The classic approach used PPO (Proximal Policy Optimization) for this stage, but modern implementations have moved on. TRL now uses RLOO (REINFORCE Leave-One-Out), which is simpler and more stable than PPO while achieving comparable results. The KL term remains critical: without it, the model collapses to reward hacking, generating degenerate text that scores high on the reward model but is gibberish to humans.

4.2 When RLHF Makes Sense

RLHF shines when preferences are nuanced and hard to capture with static examples alone. It's the gold standard for aligning models to complex human judgment, which is exactly what "good marketing copy" requires.

The problem: it's expensive. You need to train and maintain a separate reward model. The RL optimization stage adds instability. Loss curves that look like seismographs are par for the course. And you need a lot of preference data to train a reward model that doesn't just memorize your training set.

For a marketing use case, RLHF makes sense at scale: when you have thousands of A/B tested campaigns and can build a reward model that genuinely captures what makes copy convert. For most teams, this is overkill.

4.3 The Code

Let's build the full pipeline.

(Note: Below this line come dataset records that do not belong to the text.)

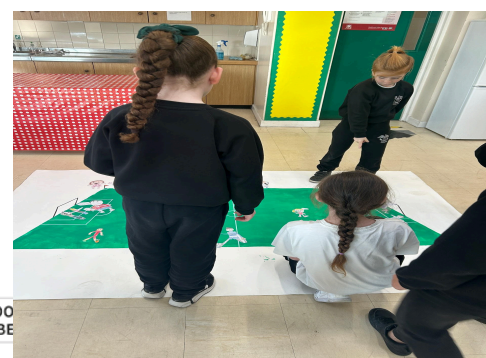
Respect Teamwork & Exploration
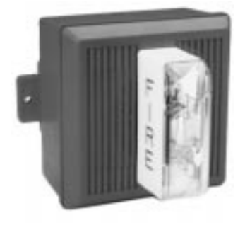
SERIES MT STROBE WITH IOB
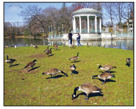
The biggest complaint against Canadian Geese is the damage they can do to manicured lawns, grass, parks, golf courses and more.

Note: factual content from Wikipedia, Audubon, US Center for Disease Control, US Federal Register Codebook, and others.
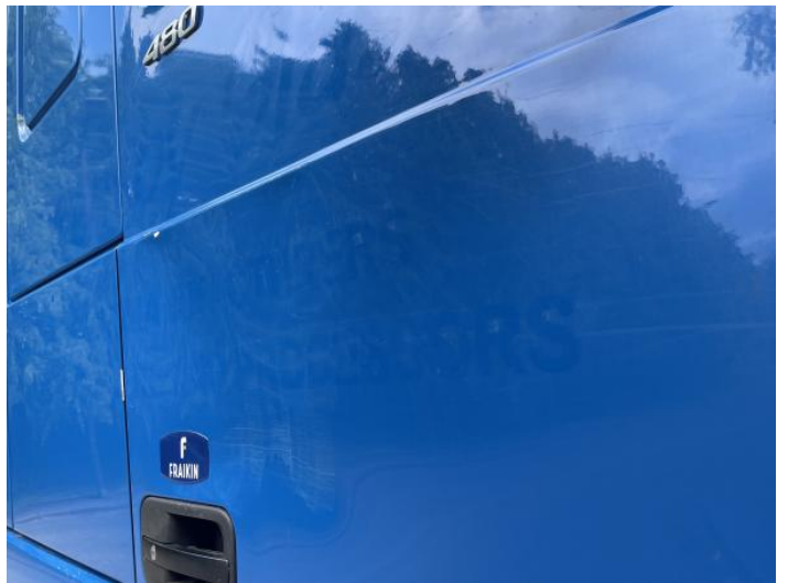
6: Door osf Dented With Paint Damage
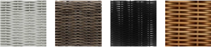
Old lace Taupe Black Honey

More information https://cotswoldfurniture.com.au/en/p/o/dining-chairs/edgard-dining-chair-teak-base
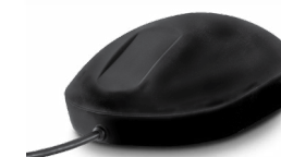
Disinfectable USB Mouse with touch scroll White art. 40065 Black art. 40265

First, the reward model, trained on pairs where one version of copy outperformed another:

https://gist.github.com/cmenguy/7065cd395e8fc5c0d005b0c619b4f081

Training the reward model using TRL's RewardTrainer:

https://gist.github.com/cmenguy/1c94c2e1467e0fa312f8d77a9303364d

https://gist.github.com/cmenguy/cf8fc636069a1e649ff1a6e49f0ba291

Now the RL stage: this is where the model learns to generate copy that scores high on the reward model. TRL's RLOOTrainer (REINFORCE Leave-One-Out) handles generation, scoring, and policy updates in a unified loop. First, prepare the prompt dataset:

https://gist.github.com/cmenguy/93378edd9186219bd8344c63f5f176ba

Configure and run the RLOO trainer: it generates multiple completions per prompt and uses the leave-one-out baseline to reduce variance:

https://gist.github.com/cmenguy/e8725d3d1b93af8c85da659e6d7d457d

That's still a lot of moving parts: two models, generation during training, and hyperparameters that interact in non-obvious ways. RLOO is more stable than the old PPO approach, but the fundamental complexity of reward-model-guided RL remains. This is why DPO exists.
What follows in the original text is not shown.